Ștefan Vodă District hosts a total of 14,469 registered businesses, many of which are agricultural. Agricultural land makes up 65,199 ha (65.3%) of total land area, while arable land occupies 55,542 ha (55.6%) of the total agricultural land. The farmland in the district includes 4977 ha (5.0%) of vines, 3237 ha (3.2%) of orchards, and 1398 ha (1.4%) of pastures. Major crops grown in the area include wheat, oats, sunflower, canola, soybeans, and vegetables.

== Education ==
Stefan Voda district are 63 educational institutions, including 31 kindergartens, 30 primary and secondary education, a vocational school. In schools with training and education are included in total 13,673 students, including 2,839 children in kindergartens in schools, 10,284 university students, 354 students in vocational schools, 196 vocational school students.
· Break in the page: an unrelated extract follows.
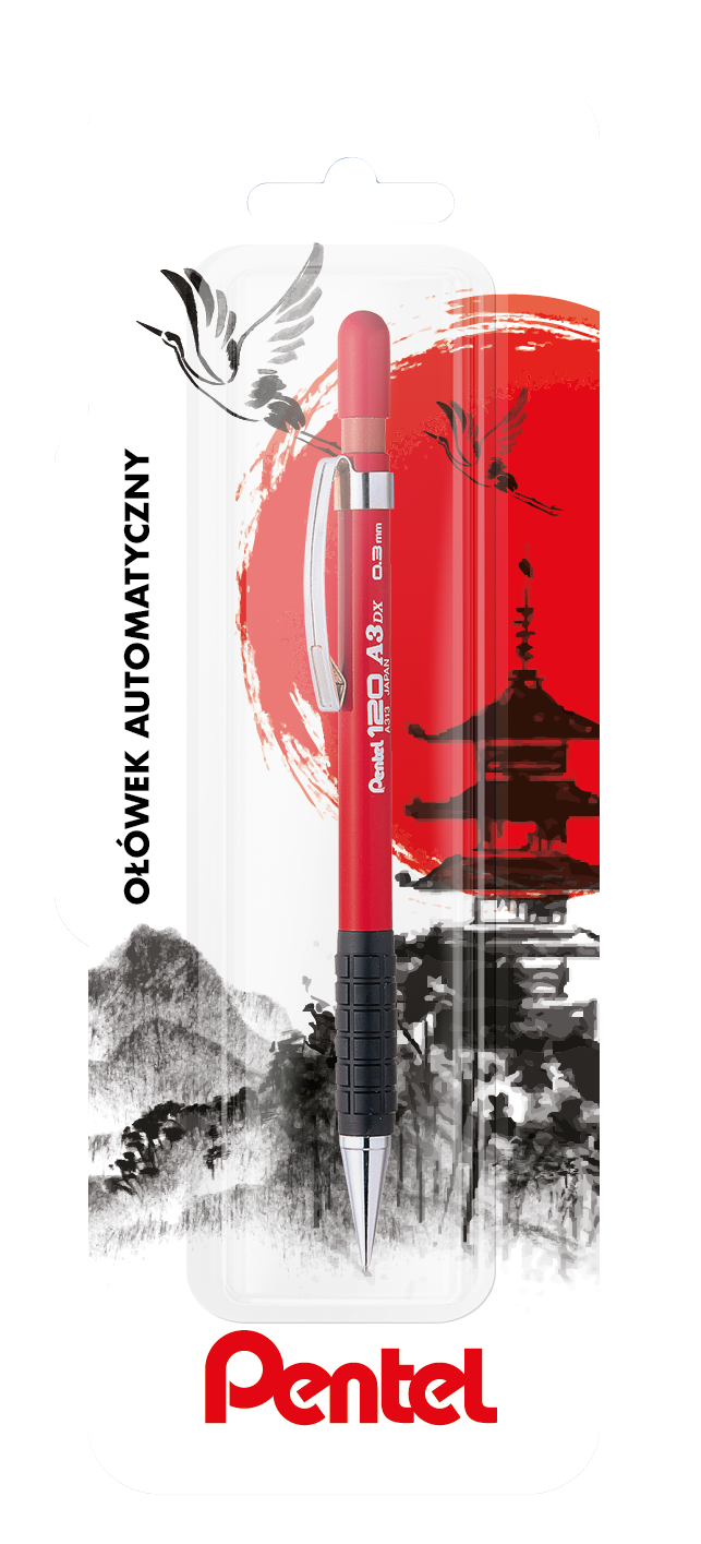 Specjalistyczy ołówek automatyczny. Idealny do prac kreślarskich, wykresów, jak również do zwykłego pisania. Posiada metalowy mechanizm zaciskowy, zdejmowany klips oraz gumkę wymienną. Dostępny w grubości: 0,3 mm - czerwony kolor obudow. Pakowany na blistrze x 1 sztuka.

Nowadays in education, the 1264 district teachers operate.

==Politics==

Stefan Voda district granted priority mainly right-wing parties. In Moldova represented by the AEI. PCRM is a continuous fall in percentage the last three elections.
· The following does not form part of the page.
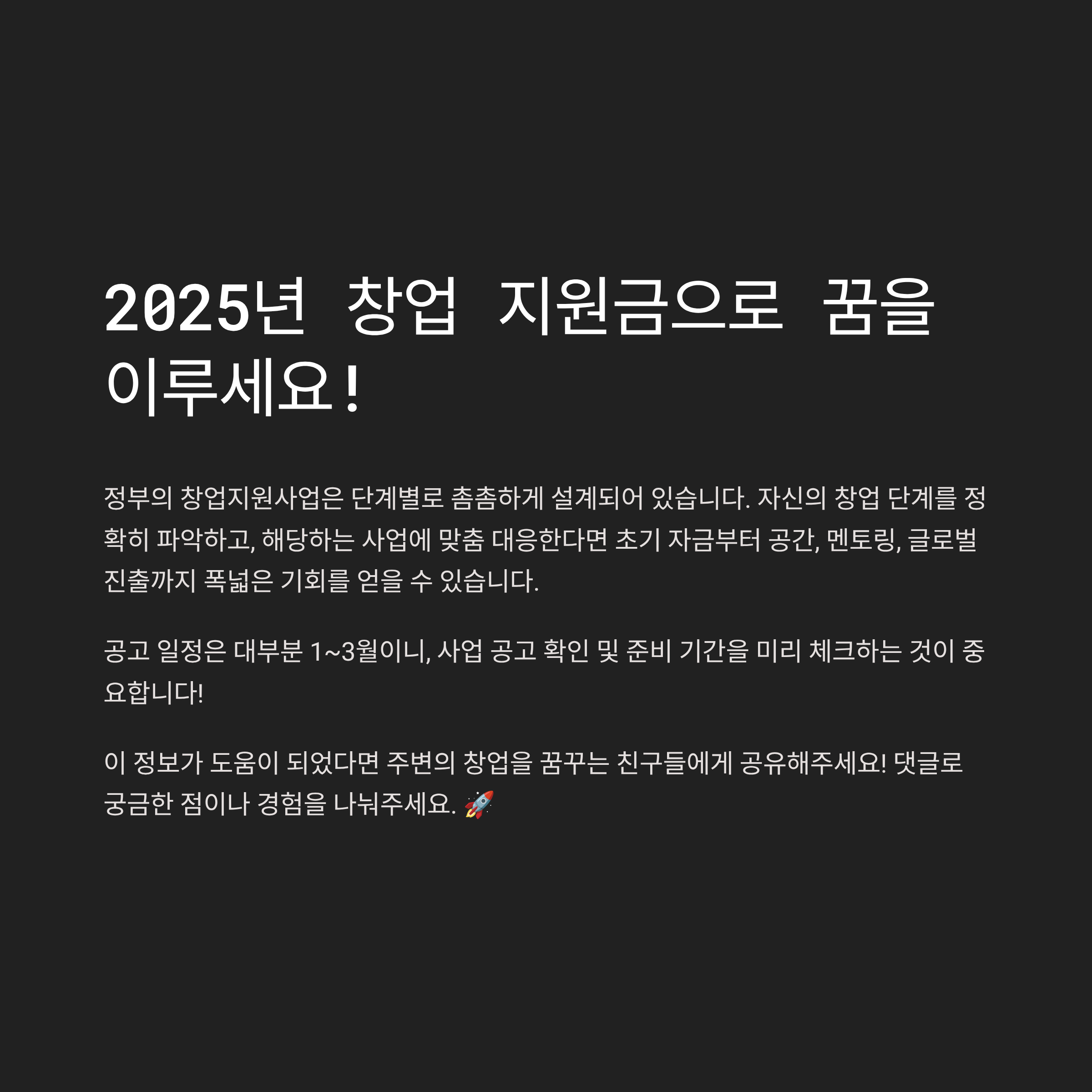 자신의 창업 단계를 정확히 파악하고, 해당하는 사업에 맞춤 대응한다면 초기 자금부터 공간, 멘토링, 글로벌 진출까지 폭넓은 기회를 얻을 수 있어요.

During the last three elections AEI had an increase of 107.6%

Parliament elections results
| Year | AEI | PCRM |
|---|---|---|
| 2010 | 60.36% 18,311 | 32.96% 9,998 |
| July 2009 | 52.73% 15,925 | 36.52% 11,029 |
| April 2009 | 29.46% 8,820 | 46.92% 14,050 |

===Elections===

Summary of 28 November 2010 Parliament of Moldova election results in Stefan Voda District
| Parties and coalitions |  | Votes | % | +/− |
|---|---|---|---|---|
|  | Liberal Democratic Party of Moldova | 11,759 | 38.76 | +17.07 |
|  | Party of Communists of the Republic of Moldova | 9,998 | 32.96 | −3.56 |
|  | Democratic Party of Moldova | 3,497 | 11.53 | +2.84 |
|  | Liberal Party | 2,263 | 7.46 | −6.85 |
|  | Party Alliance Our Moldova | 792 | 2.61 | −5.43 |
|  | United Moldova | 391 | 1.29 | +1.29 |
|  | Humanist Party of Moldova | 324 | 1.07 | +1.07 |
|  | Other Party | 1,323 | 4.32 | -6.43 |
| Total (turnout 56.29%) |  | 30,628 | 100.00 |  |

== Culture ==
In district active: 26 culture houses, 2 museums, 86 artistic bands including 26 bands holding the title of the band model, 37 public libraries.

== Education ==
In Stefan Voda district works: a hospital with 220 beds general fund, a center of family doctor's in the composition of which included: 13 health center's, nine family doctors office.
The population of the district health care operates 110 medical personnel 354 average, 260 nurses and auxiliary health personnel.